◆ How to complete this task ◆
Transcribe, starting at the line with "These are eight" and ending at the line with "Serene water ripple", every line of the material below exactly, but leave out the pictures and anything outside that span.

═════ Dataset excerpts ═════

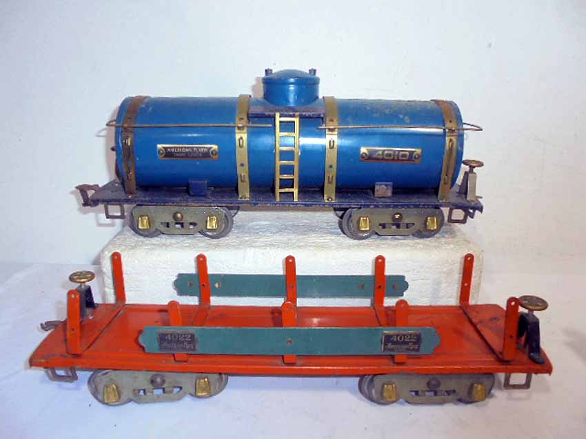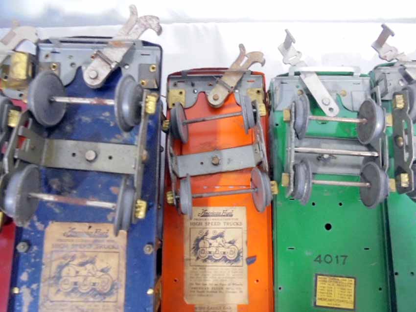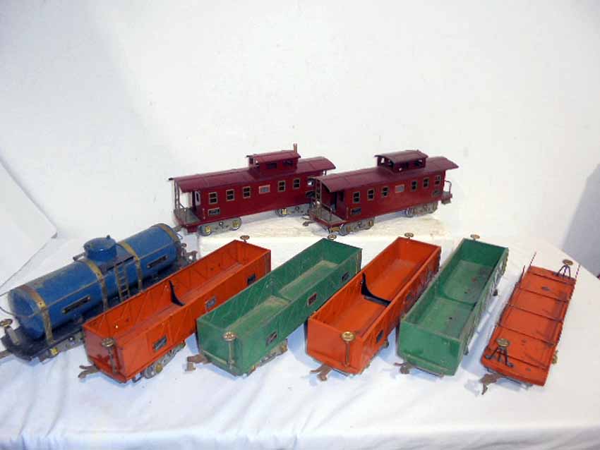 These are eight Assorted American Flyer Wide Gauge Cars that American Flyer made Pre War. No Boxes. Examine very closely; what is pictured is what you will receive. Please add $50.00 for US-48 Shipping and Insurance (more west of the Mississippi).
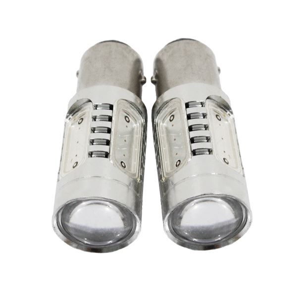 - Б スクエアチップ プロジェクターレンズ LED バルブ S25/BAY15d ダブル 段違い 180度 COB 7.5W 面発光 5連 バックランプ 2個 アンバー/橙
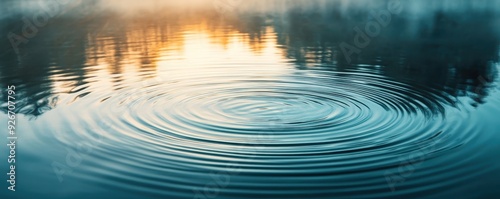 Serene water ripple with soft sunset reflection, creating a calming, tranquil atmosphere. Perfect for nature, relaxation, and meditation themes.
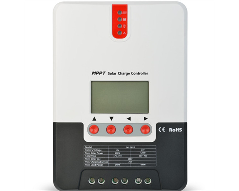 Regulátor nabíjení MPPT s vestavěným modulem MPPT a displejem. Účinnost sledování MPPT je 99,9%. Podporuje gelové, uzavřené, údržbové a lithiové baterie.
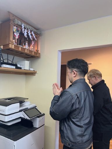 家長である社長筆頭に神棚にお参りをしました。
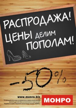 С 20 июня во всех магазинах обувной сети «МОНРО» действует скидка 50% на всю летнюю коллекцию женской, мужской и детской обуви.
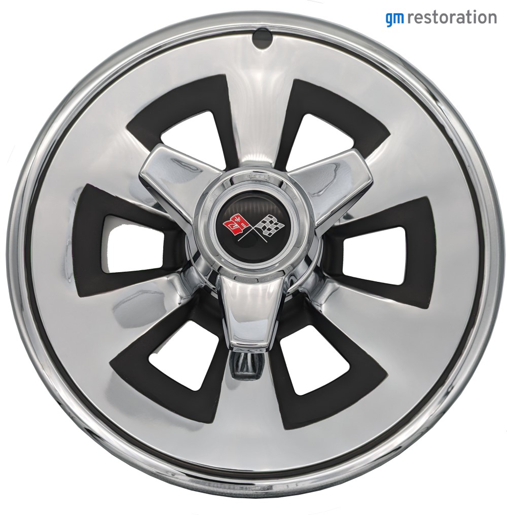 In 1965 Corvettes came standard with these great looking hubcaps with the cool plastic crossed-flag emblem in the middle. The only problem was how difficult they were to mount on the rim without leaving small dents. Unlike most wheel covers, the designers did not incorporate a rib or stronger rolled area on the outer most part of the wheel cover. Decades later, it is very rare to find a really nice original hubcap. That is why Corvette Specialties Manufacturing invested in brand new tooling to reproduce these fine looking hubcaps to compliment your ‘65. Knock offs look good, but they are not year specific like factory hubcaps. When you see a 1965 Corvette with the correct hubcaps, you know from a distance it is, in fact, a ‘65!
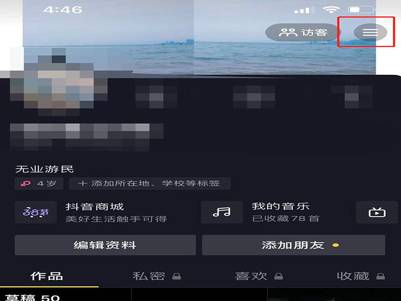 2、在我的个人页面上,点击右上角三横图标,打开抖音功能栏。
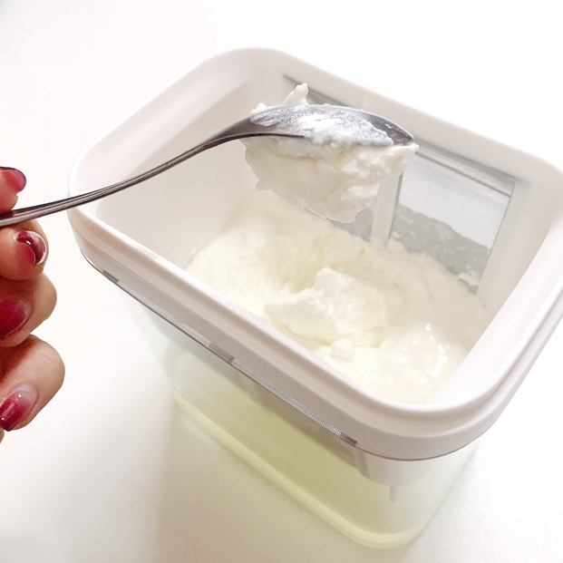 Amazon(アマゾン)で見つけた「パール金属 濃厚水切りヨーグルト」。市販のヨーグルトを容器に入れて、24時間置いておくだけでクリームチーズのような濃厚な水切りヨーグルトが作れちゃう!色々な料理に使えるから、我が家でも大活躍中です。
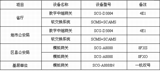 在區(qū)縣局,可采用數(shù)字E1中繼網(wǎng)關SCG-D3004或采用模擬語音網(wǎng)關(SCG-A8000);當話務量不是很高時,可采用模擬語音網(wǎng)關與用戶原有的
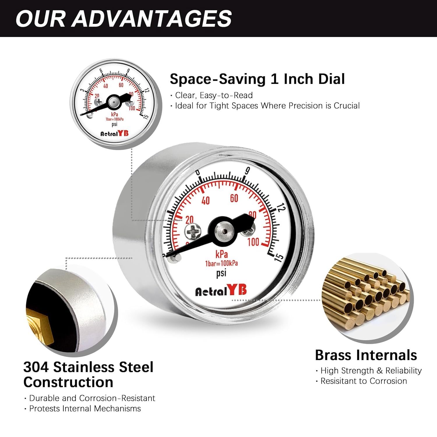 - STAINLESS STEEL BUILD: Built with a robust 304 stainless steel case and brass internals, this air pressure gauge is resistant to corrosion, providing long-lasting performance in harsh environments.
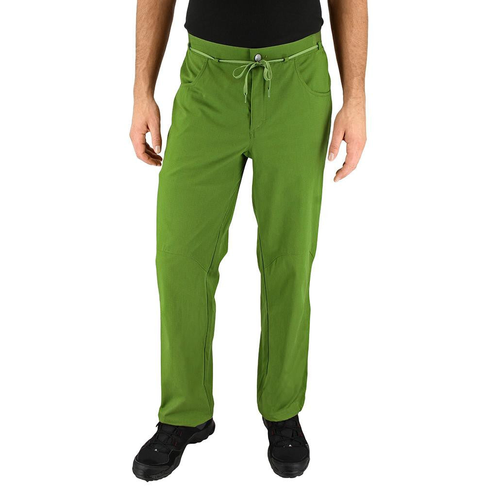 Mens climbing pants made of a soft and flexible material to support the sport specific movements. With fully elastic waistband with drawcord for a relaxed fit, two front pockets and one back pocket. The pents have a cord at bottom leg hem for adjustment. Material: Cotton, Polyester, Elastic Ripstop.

═════
═════ Dataset excerpts ═════

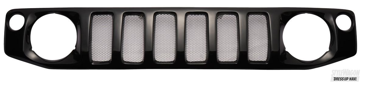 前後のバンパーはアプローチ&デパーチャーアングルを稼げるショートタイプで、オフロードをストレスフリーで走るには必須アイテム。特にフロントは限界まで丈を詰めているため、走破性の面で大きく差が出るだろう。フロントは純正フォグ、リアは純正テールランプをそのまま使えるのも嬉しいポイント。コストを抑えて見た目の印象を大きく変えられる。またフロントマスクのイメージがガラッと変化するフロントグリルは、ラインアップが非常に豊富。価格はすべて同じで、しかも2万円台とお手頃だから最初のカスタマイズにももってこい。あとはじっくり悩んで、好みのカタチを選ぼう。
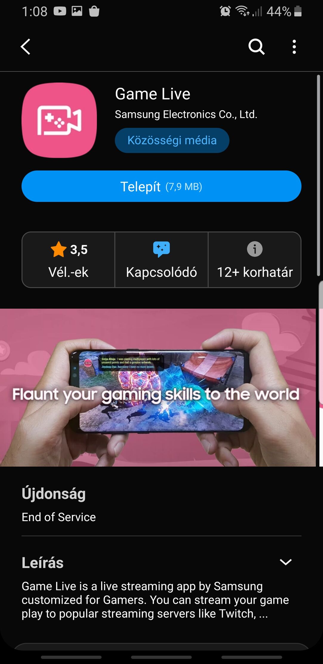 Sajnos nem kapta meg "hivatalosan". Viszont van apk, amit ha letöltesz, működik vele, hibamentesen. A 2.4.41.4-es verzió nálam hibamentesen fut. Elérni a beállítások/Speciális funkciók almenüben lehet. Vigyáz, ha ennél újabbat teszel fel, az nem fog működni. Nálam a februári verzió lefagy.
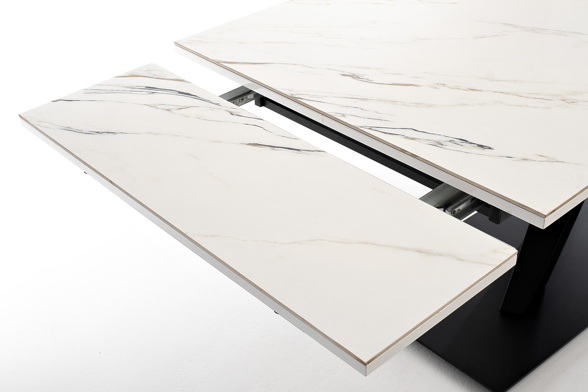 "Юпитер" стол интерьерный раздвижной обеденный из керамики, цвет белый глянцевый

═════

◆ Answer space ◆
 These are eight Assorted American Flyer Wide Gauge Cars that American Flyer made Pre War. No Boxes. Examine very closely; what is pictured is what you will receive. Please add $50.00 for US-48 Shipping and Insurance (more west of the Mississippi).
 - Б スクエアチップ プロジェクターレンズ LED バルブ S25/BAY15d ダブル 段違い 180度 COB 7.5W 面発光 5連 バックランプ 2個 アンバー/橙
 Serene water ripple with soft sunset reflection, creating a calming, tranquil atmosphere. Perfect for nature, relaxation, and meditation themes.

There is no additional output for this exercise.